While Sedgwick’s work is no doubt a valuable contribution to critiques of anti-psychiatry as nihilistic in its negation of madness, one must ask why a movement as innovative and diverse as mad studies might feel the need to link itself to a western, global north, white, cis-gendered, male forefather. Given its broadly democratic roots in the psych-survivor movement, its deep commitment to destabilizing hierarchies of knowledge-power, and its emphasis on decentering whiteness, the academy, global north/western perspectives, and biomedical expertise, it seems out of place and unnecessary to link mad studies to Sedgwick. The theoretical, philosophical, ideological, and methodological space opened by mad studies’ innovative approaches to knowledge production and political action should be filled by new, more creative interpretations of the movement’s past, and a more explicit commitment to its transnational, anti-colonial, justice-oriented future. Perhaps future mad studies author-scholar-activists will write a different origin story for their field.38

With its international scope, its persistent efforts to decenter white, global north voices and experiences, and its close attention to the historical, philosophical, and theoretical underpinnings of mad studies, The Routledge International Handbook of Mad Studies offers a valuable new benchmark as we move into the second (or third or fourth?) decade of the field’s development.

Race and Transnational Mad Studies

As the International Handbook of Mad Studies and other edited collections make clear, mad studies has become increasingly multidisciplinary and international as the field has coalesced over the past several decades. A growing variety of authors, scholars, and activists are taking intersectional and dialectical approaches in their work, as well, attending to the identities, affiliations, structures, histories, and material relations that shape madness and mad bodies and the ways in which mad people are shaping (or have shaped) the worlds around them. The vitality and dynamism of the field, and its multidisciplinary and activist roots, have meant that it relies on different methodologies and theoretical orientations.
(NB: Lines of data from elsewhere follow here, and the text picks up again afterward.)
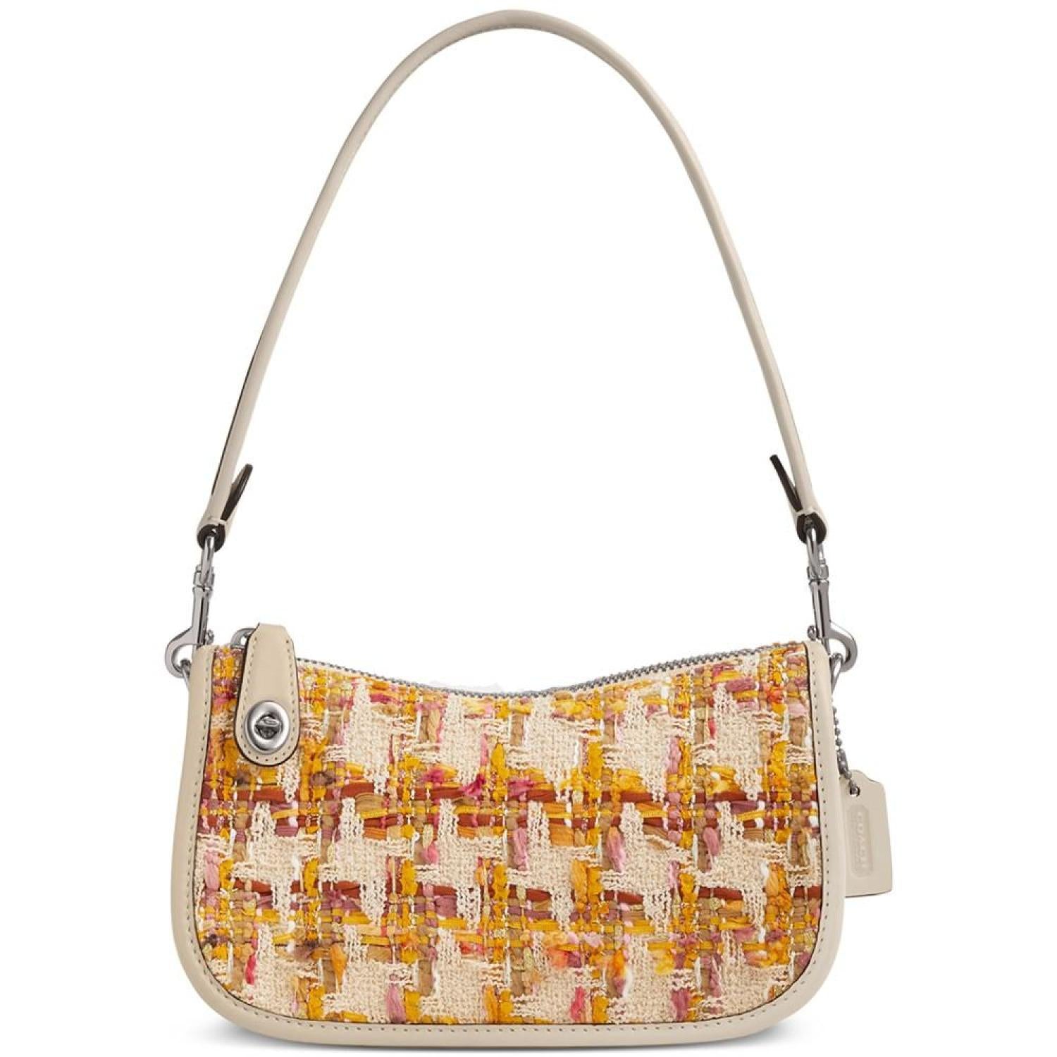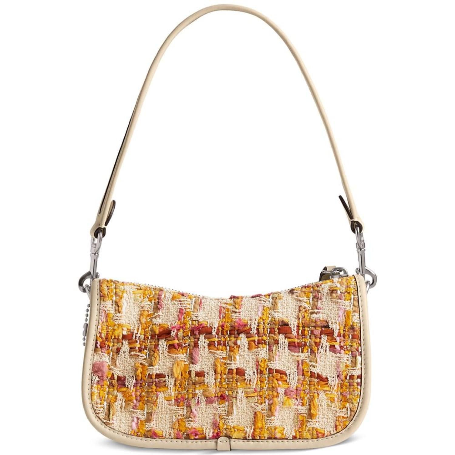 Crafted in classic tweed with leather trims, this handbag by COACH features a zippered closure and a removable handle for versatility.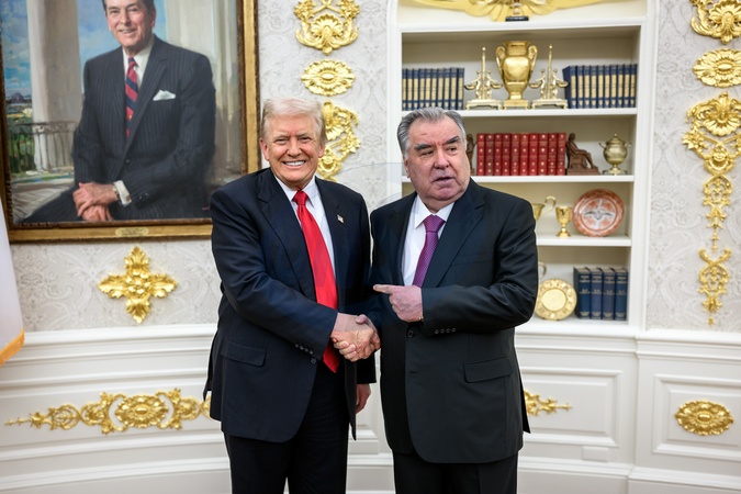 President Donald Trump meets with the President of the Republic of Tajikstan Emomali Rahmon in the Oval Office before a dinner with other C5 Central Asian leaders, Thursday, November 6, 2025., Credit:Daniel Torok / Avalon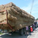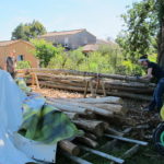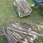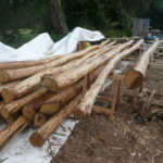 Nous avons choisi nos perches de châtaigner par une belle matinée de Février chez Marco (un voisin) qui entretien un petit taillis. Le transport s’est fait avec une grande remorque plateau, c’était une grosse journée car chaque perche pèse plus de 100kg et mesure ~6m50 de long.

In this section, we think more explicitly about the importance of race and the growth of the global mad people’s movement in the development of mad methods and theories. We begin with a brief history of asylum medicine, the historical foundation for modern psychiatry, and the concurrent resistance to it. We then move into a discussion of the ways in which academics working in multiple disciplines and fields have begun to theorize race and madness within local and transnational contexts. We conclude this section by offering our thoughts for fostering mad studies in a way that remains mindful of its rich heterogeneity and its powerful historical roots.
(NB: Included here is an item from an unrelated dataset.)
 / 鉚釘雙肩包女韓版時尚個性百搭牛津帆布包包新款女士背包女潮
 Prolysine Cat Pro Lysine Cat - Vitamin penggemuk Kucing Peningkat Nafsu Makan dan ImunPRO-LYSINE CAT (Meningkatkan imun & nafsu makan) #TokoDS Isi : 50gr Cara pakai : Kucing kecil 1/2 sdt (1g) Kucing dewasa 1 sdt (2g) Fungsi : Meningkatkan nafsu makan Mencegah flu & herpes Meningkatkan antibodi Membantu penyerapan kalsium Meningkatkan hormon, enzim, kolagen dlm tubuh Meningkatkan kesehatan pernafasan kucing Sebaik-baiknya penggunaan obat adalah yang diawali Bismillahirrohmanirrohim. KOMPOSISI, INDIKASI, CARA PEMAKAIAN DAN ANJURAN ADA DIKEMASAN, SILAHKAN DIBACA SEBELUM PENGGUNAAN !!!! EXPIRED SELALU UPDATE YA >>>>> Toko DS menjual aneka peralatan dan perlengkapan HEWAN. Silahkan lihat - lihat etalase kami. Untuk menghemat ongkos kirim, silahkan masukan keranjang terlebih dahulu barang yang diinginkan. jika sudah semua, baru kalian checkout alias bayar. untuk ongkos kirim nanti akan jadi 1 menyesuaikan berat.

Mad activism and mad studies have their historical roots in the asylum, the cultural and material origins of which are usually traced back to England and the establishment of the Priory of St Mary of Bethlehem, which later became known as the Bethlehem Royal Hospital, or simply Bedlam, in Bishopsgate, London in 1247. Over the next several centuries, continuing into the early twentieth century, settler colonists and enslavers from various European countries, and their descendants, constructed asylums throughout the world. The Hospital de San Hipolito, opened in Mexico in 1567, as well as asylums built in the United States, Canada, North Africa, Argentina, South Africa, New Zealand, China, Vietnam, and Fiji, among other locations, are the material sites of colonial rule and local governance.39 They are the spaces where knowledge–power was created, made known, enacted, and resisted, where systems of control and care shifted and changed over time, and where until the mid-twentieth century an increasing number of the world’s mad or otherwise disabled and disenfranchised populations were confined.

Resistance to asylum medicine is as old as the asylums themselves. It dates back hundreds of years in some locations. That resistance, which was increasingly led by former asylum inmates and their allies, coalesced over the nineteenth and early-twentieth centuries into a broad and diffuse movement to reform or abolish asylums, primarily in the United States and the United Kingdom.40 In the decades after World War II, efforts to dismantle asylum medicine, as well as broader critiques of psychiatry, which had gained a tenuous but powerful hold on modern life, increasingly solidified in the UK, US, and Canada, as well as other countries. The concurrent transformation of psychiatry into a more overtly reductionist, biomedical model operationalized through the American Psychiatric Association’s creation of the third edition of its Diagnostic and Statistical Manual of Mental Disorders (DSM-III) in 1980 and its subsequent revised and expanded iterations in 1994 and 2013 in turn engendered a more widespread and better-organized transnational response to it and its often coercive and harmful, and sometimes deadly, interventions.41 The history of madness and asylums, and psychiatry more generally, is a long and dialectical one shaped by power and resistance, manipulation and survival, and the creation of diverse, and at times competing, communities and cultures of care and control. It is a living history that continues to shape our world.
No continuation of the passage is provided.